(Extracted data entries)
--- START ---

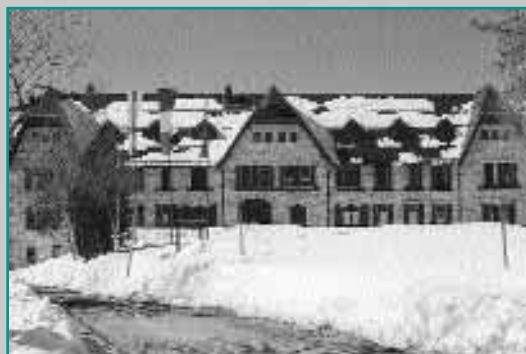
Centre d'Ecologie Alpine, Trento

38040 Viote Mt. Bondone (Trento), Italia
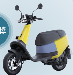
GOGORO VIVA 電動機車x1 (芥末黃)
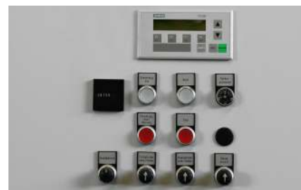
Übersichtliche Bedienung mit Handfunktionen. Optional mit Klartextdisplay
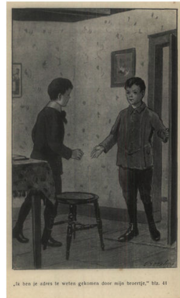
„Ik ben je adres te weten gekomen door mijn broertje,” blz. 41

„Ik ben je adres te weten gekomen door mijn broertje,” zoo begon Frits het gesprek; „zijn vrindje, die je dikwijls bij ons ontmoet heeft, woont hier dicht in de buurt; en hij had je al meermalen in dit huis zien binnegaan. Hij wist niet zeker of je hier woonde, maar ik dacht: ik kan
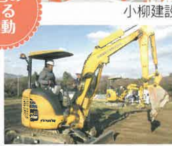
小型車両系建設機械特別講習
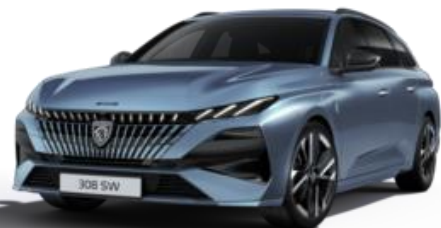
Bleu Ingaro M07K - Option (SW)
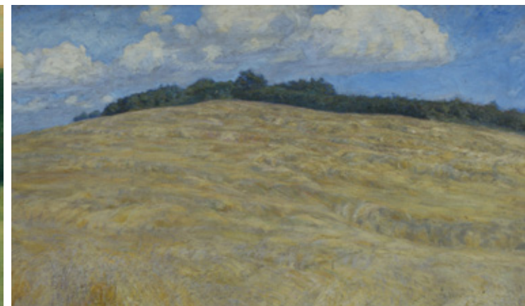
8 Peter Hansen: Moden rug . 1891.

På billedet ses Svanningevej, hvorfra Harald Giersing har malet et af sine mange motiver med Svanninge Kirke.
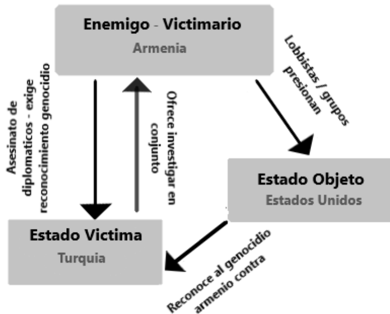
Figura 1b) Imagen Distorsionada difundida por Turquía

Retomando los elementos hallados en los textos, además de rechazar la declaración del presidente Joe Biden, los funcionarios turcos incluyen elementos que posicionan a Armenia como un enemigo de Turquía y como Estado Víctima. Esto busca quitarle credibilidad al reconocimiento del genocidio armenio, y puede tener el posible efecto de que otros actores o individuos creen esta versión y por ello decidan no emplear la palabra genocidio para describir los hechos de 1915. Mediante las respuestas, se configura una imagen distorsionada

--- END ---

_What this task involves_
Above are entries with pictures among them. Write out exactly the lines from the one containing "GOGORO VIVA 電動機車x1 (芥末黃)" through the one containing "小型車両系建設機械特別講習", ends included, and leave those pictures out.

_Result below_
GOGORO VIVA 電動機車x1 (芥末黃)
Übersichtliche Bedienung mit Handfunktionen. Optional mit Klartextdisplay
„Ik ben je adres te weten gekomen door mijn broertje,” blz. 41

„Ik ben je adres te weten gekomen door mijn broertje,” zoo begon Frits het gesprek; „zijn vrindje, die je dikwijls bij ons ontmoet heeft, woont hier dicht in de buurt; en hij had je al meermalen in dit huis zien binnegaan. Hij wist niet zeker of je hier woonde, maar ik dacht: ik kan
小型車両系建設機械特別講習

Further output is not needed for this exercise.